The Challenges for IoT in Brazil

So, why is IoT slow to adoption in Brazil in the first place? There are three main challenges to understand. 

1. Local regulations

Some IoT devices need to stay permanently in-region, which can be difficult in Brazil. There are permanent roaming restrictions which mean that a visiting device can only be there 90 days before being removed from the host network. This is sufficient for a tourist, but doesn’t work for IoT devices. Roaming is therefore not an effective option for connecting IoT in Brazil. Data privacy is becoming increasingly important, and the greatest complexities are when data leaves the host country, so local infrastructure becomes critical.

Brazil also has a complicated taxation structure. For the past two years IoT connectivity has not been taxed, but this is defined very tightly, and if there is user interaction, for example with a Point of Sale (POS) solution – the rules may not apply, as the Brazilian authorities may consider this device to be a mobile device rather than an IoT sensor. This cost can add up fast, and the success of IoT relies on an enterprise being aggressive on price to remain profitable. 

2. Technology considerations

There is a strong need for the right technology in Brazil, especially considering the expansive geography, with many densely populated areas. It’s difficult to cover every region there because of what a large space we’re talking about, and you definitely need multiple carrier relationships so that you don’t end up with coverage gaps. As IoT adoption has been slow, there can be a lack of integrators to make the technology simpler to adopt, so you may end up compromising on your ideal solution, which can feel like a win by half measures. 

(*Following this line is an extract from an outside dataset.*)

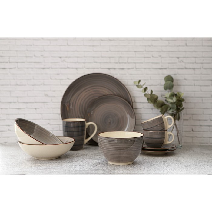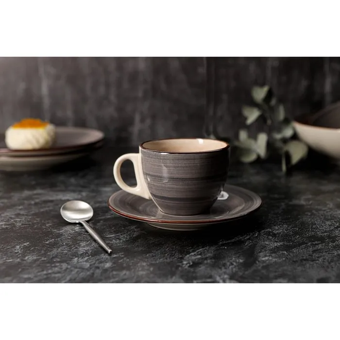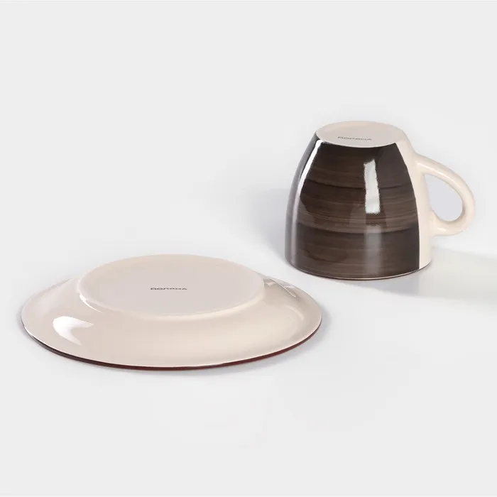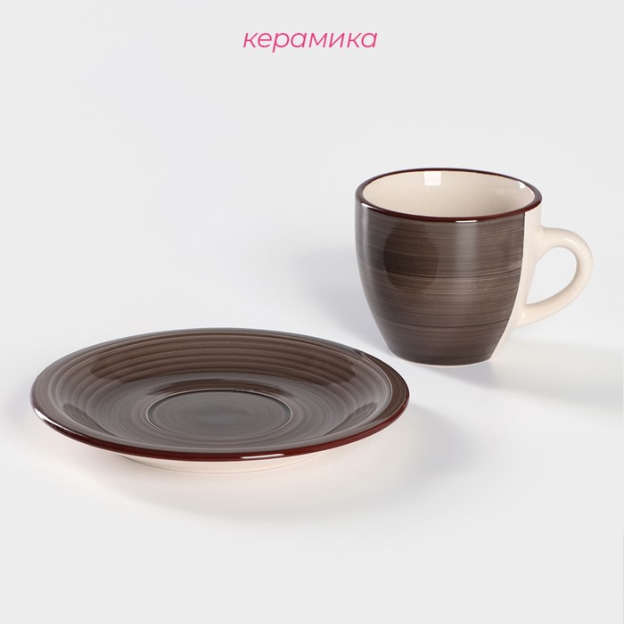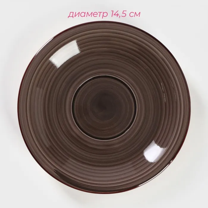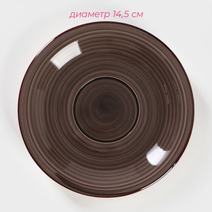 Чайная пара Доляна «Морской мир», 2 предмета: чашка 200 мл, блюдце d=14.5 см, керамика, коричневая — Характеристики

Considering your need for mobile private networks are also important, as well as non-terrestrial networks for places without cellular coverage, which is 83% of the country. MNOs only need to cover where the people are, so they focus on cities and households, which is just 17%. As IoT use cases range from healthcare devices which have a measurable impact on human life, to critical manufacturing and energy sensors, gaps and reliability issues can’t be accepted. 

3. Business challenges

It’s also important to think about wider business challenges. Culture is one part of the problem with widespread adoption, alongside pricing considerations, as price sensitivity is a large issue. Many people are still implementing 2G devices, while much of the rest of the world is moving towards 4G. To combat this, the industry is looking to sunset 2G altogether, which takes the decision out of people’s hands. 

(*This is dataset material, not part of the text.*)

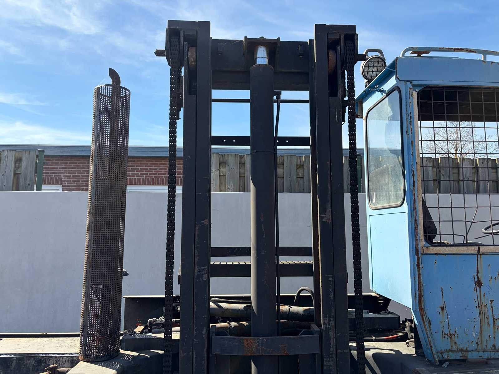 Voorzien van: 5.000 kg hefvermogen bij 600 mm lastzwaartepunt, voorzien van Perkins motor (±57 kW), duplex mast, massieve banden, eigen gewicht rond 10.000–15.000 kg Nee Merk: Kalmar Type: DFQ 50/16/40D Bouwjaar: 1990 Diesel: true Hefvermogen: 5000kg Afgelezen urenstand: 14751 Totale afmeting L: 6000mm Totale afmeting Breedte: 2500mm Totale afmeting Hoogte: 3000mm

Brazil is working with a fragmented ecosystem, where some enterprises and industries want to see the value of deeper data and IoT, while others are still lagging adopters or more cautious. Multi-network possibilities that would solve a lot of Brazil’s challenges are a relatively new subject for most customers, while they still do want the best solution available. 

Keys to Success when Launching IoT in Brazil

Expert partnerships can make all the difference when navigating these complexities. Knowing that your vendors have ‘been there and done that’ can provide a well-worn path to success, alongside the right technology in place and a strong existing culture. Think about how many people are still using 2G/3G for example, you want a partner that has a proven track record of successful migrations and support. The right partner will be able to serve those use cases, while still opening doors for 5G and beyond, and new coverage solutions such as NTN as well. 

When it’s time for scaling your solution, forward thinking will be invaluable, so make sure that you have an open mind to think further than Brazil, and partner with a solution provider that offers global coverage. For example, NLT and floLIVE together were able to not only serve Brazil, but also expand into services globally.

Behind the scenes, you need a flexible core infrastructure. This will allow you the visibility and flexible control to access real-time data and events in the moment, so you never lose that hold on the steering wheel, and benefit from a single pane of glass wherever your devices are in the world. A flexible infrastructure provides all the necessary access points and gateways as well, and gives you direct access to Business Support Systems, all from the same technology platform. 

Finally, coverage will be critical for launching in Brazil. Look for a partner with coverage expertise, not only in Brazil – but around the world. This is because compliance regulations and data privacy can be a moving target, so wide expertise is always going to be of huge value. As well as global understanding, local optimization and experience will stand you in good stead, as the landscape is changing all of the time with MNOs, MVNOs, government entities, and Mobile Private Networks, too. 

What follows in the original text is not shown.